Given the intensity of the unfolding ethical crisis in the Western world today, the church must redouble its efforts to learn doctrine. We, of course, must continue to encourage Christians to live out the Christian life and to speak out in favor of God’s gift of marriage and God’s creation of men and women in His image. We must thoughtfully address the sad fact that public knowledge of the chief end of man is systematically suppressed in a world where people are assaulted, aborted, and consumed with fine food, junk food, more sex, better screens, free drugs, and worldly dreams. But we especially need doctrine.

J. Gresham Machen wrote his classic book a century ago when the church was facing, among other things, enormous ethical challenges, some of them greater than he himself could conceive. In his day, ministers posing as prophets insisted that the real task of the church was to address the urgent need for improved democracy, civility, and moral reform. He himself insisted that a faithful church, especially a church in crisis, must believe and teach doctrine.

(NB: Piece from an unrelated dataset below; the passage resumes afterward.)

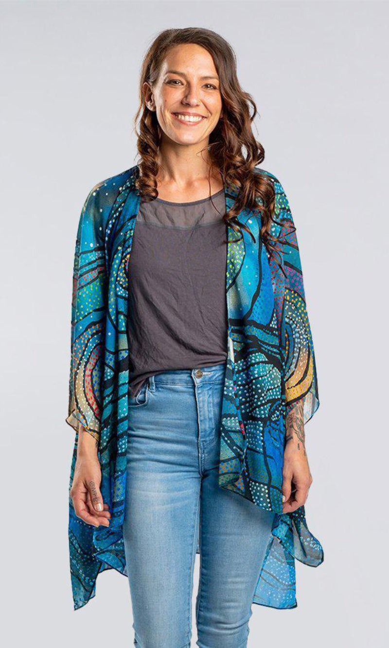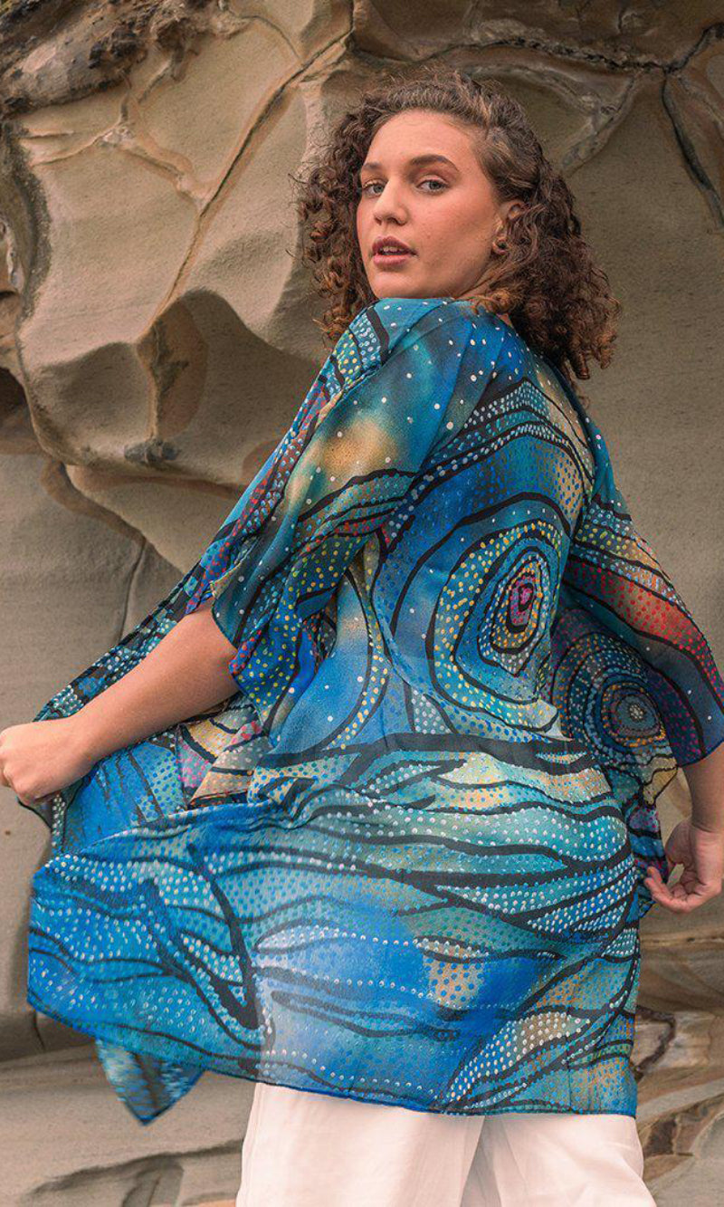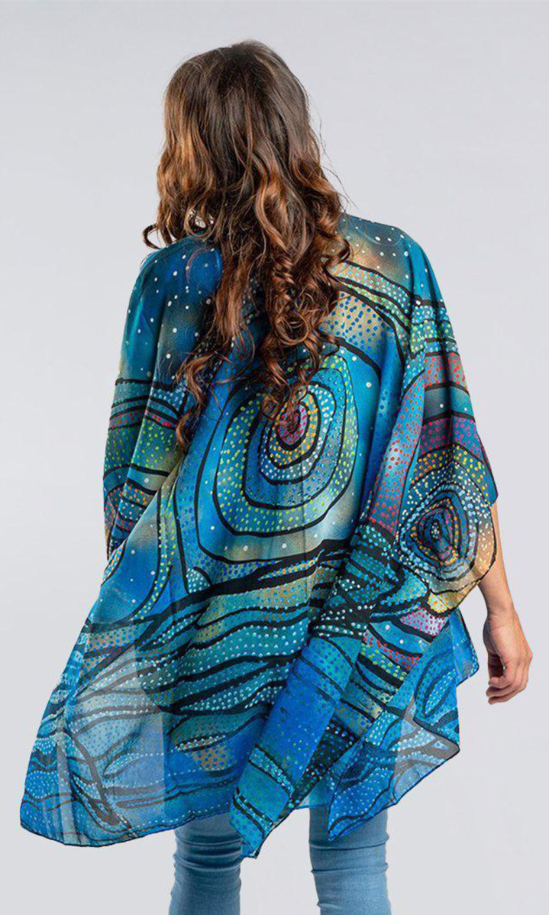 We welcome them every year. I view them as such majestic creatures which made me paint this whale under the night sky using these colours as it passes Quandamooka Country in the background. This is actually three circles presenting our clan groups Ngugi, Goenpul & Noonuccal.

But why doctrine? Before and since Machen’s day, the church, especially in the face of social turmoil and ethical ambiguity, has often been tempted with tastier-looking options than Christian doctrine. Some teachers insist that the church has no creed but the Bible. People in the pew have no need for doctrinal excess and the subtlety of seventeenth-century confessions or catechisms. This has a certain plausibility. And as Machen says, speaking of the common man in the pew, “Since it has never occurred to him to attend to the subtleties of the theologians, he has that comfortable feeling which always comes to the churchgoer when someone else’s sins are being attacked.” But as Machen explains, after one hears about the dead orthodoxy of the creeds or the Puritans, and then turns to read the Westminster Confession of Faith or John Bunyan’s The Pilgrim’s Progress, “one has turned from shallow modern phrases to a ‘dead orthodoxy’ that is pulsating with life in every word.” What is more, Machen points out, under the guise of critiquing crusty old confessions, those opposed to doctrine are often opposing the Bible and its most basic teachings. And, we might add, those teachers most opposed to doctrine often set themselves up as the standard to follow.

Machen was principally dealing with people who had devious motives for opposing doctrine. They claimed to oppose doctrine in general because it was easier to sell than the honest admission that they had problems with some doctrines in particular: the virgin birth of Christ, His bodily resurrection, and more. But others have opposed doctrine because they are trying to follow Jesus, and Jesus Himself “just told stories.” Some scholars have added that this is the main approach of the whole Bible: it presents narrative and poetry, not systematic theology. Certainly narrative—or better, history—is important for Christians. We have a historical religion: Jesus taught this in the way that He spoke about the Old Testament; early Christians valued this, as we can see in Luke’s explanation of his own research; and the Apostle Paul announced this when he reminded the Corinthians of the historicity of Christ’s life, death, and resurrection (1 Cor. 15:1–8).